On December 27, 2020, President Trump, after threatening to veto the Consolidated Appropriations Act, 2021, signed the stimulus bill into law. The new law includes a $900 billion dollar coronavirus relief package, which Congress passed on December 21, 2020. The new law includes a variety of health-care-related provisions directly related to COVID-19 and new surprise billing provisions effective on January 1, 2022. At the same time, the Center for Disease Control and Prevention (CDC) is tracking a new UK variant of the virus that causes COVID-19 (SARS-CoV-2), which appears to be faster spreading, and vaccine distribution began. Many predict the holidays will bring a spike in cases and overloaded hospital ICUs. As we head into 2021, here is what is new for health care in the stimulus law.
Vaccine development and distribution
This month, the Food and Drug Administration (FDA) granted emergency use authorization for the COVID-19 vaccine manufactured by Pfizer-BioNTech and Moderna. Distribution began for health care workers and vulnerable Americans under the CDC’s recommended COVID-19 vaccine prioritization plan due to limited supply. The new law provides funding to help state, tribal, and local governments cover the costs of administering the vaccines to the public. The funding is intended to accelerate distribution of the COVID-19 vaccine. Funding includes the cost of buying the vaccine and distribution costs to allow the vaccine to be provided to the public for free.
A viral test uses samples to find a current infection of COVID-19. The time it takes to process these tests can vary. Last month and this month, a series of at-home COVID-19 testing methods were approved. An at-home test allows a person to collect their own specimen and then perform the test on the specimen in their home or a private location to determine if they have COVID-19. In addition, the relief package includes funding for testing, including testing by state and local governments.
Additional funding was included to increase broadband access to help Americans connect remotely during the pandemic, including for telehealth visits. Included in this funding are monies for Native American Broad Band and Rural FCC programs and connecting minority communities, such as traditionally minority colleges and universities and minority business enterprises. Access to broad-band could promote telehealth access. Broadband is considered by some a social determinant of health, impacting the health of certain populations given the dependence on telehealth to access health care during the pandemic and likely beyond.

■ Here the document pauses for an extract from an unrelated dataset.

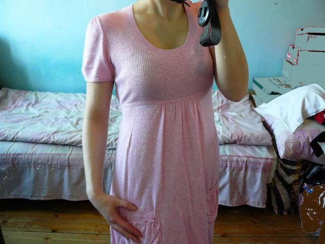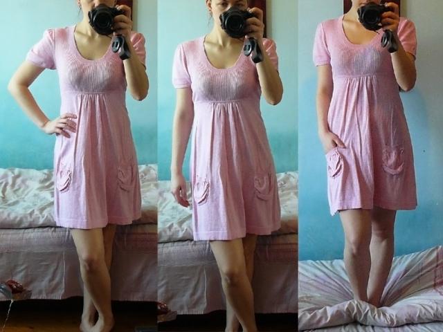 Išsimainiau, bet man neprilimpa. Dydis S/M. Lengvutė, paprasta, gaiviai vasariška :) turi dekoratyvines kišenėles. Yra viena gelsva dėmelė šalia vienos kišenėlės, bet ji gal pusės cm dydžio ir visiškai nesimato. Gal net gi išsiskalps :)

No surprise billing from out-of-network providers and air ambulances
The new law included the No Surprise Act to protect patients from surprise bills from health care providers and air ambulances who are out-of-network from billing for higher amounts. The No Surprise Act covers two scenarios:
- Emergency services delivered by out-of-network providers, including emergency air transport, or by out-of-network facilities, and
- Nonemergency services provided by out-of-network providers in network facilities and for which patients do not consent.
Provider can bill the cost-sharing amounts that apply to in-network services. Providers are banned from billing for any higher amounts. The new no surprise billing provisions start on January 1, 2022. ERISA self-funded plans are regulated by the Department of Labor (DOL) and not the states. Expect regulations from the DOL, the Department of Health and Human Services, and the Treasury implementing these provisions, including dispute resolutions and air ambulance reporting requirements.
In addition, to health care specific provisions, the new law includes funding for areas that may impact health care providers and health systems:
- Food insecurity
- Rental assistance
- Paycheck Protection Program loans
What’s next—A new administration
Next month marks the change in administration and potentially a renewed focus on health care, under the Affordable Care Act, and public health, and even seen by some as a “reversing” of certain policies under the Trump administration. Next month also marks the effective date of certain legacy laws from the Trump administration, such as Stark Law and Anti-kickback Statute changes, including value-based care and proposed changes to the HIPAA privacy rule, with the stated intent of opening up care coordination efforts, as well as telehealth changes under the physician payment rule. For now, 2020 is coming to an end, but the impact is likely long-lasting and yet, hopefully, will spur further innovations in our health care system.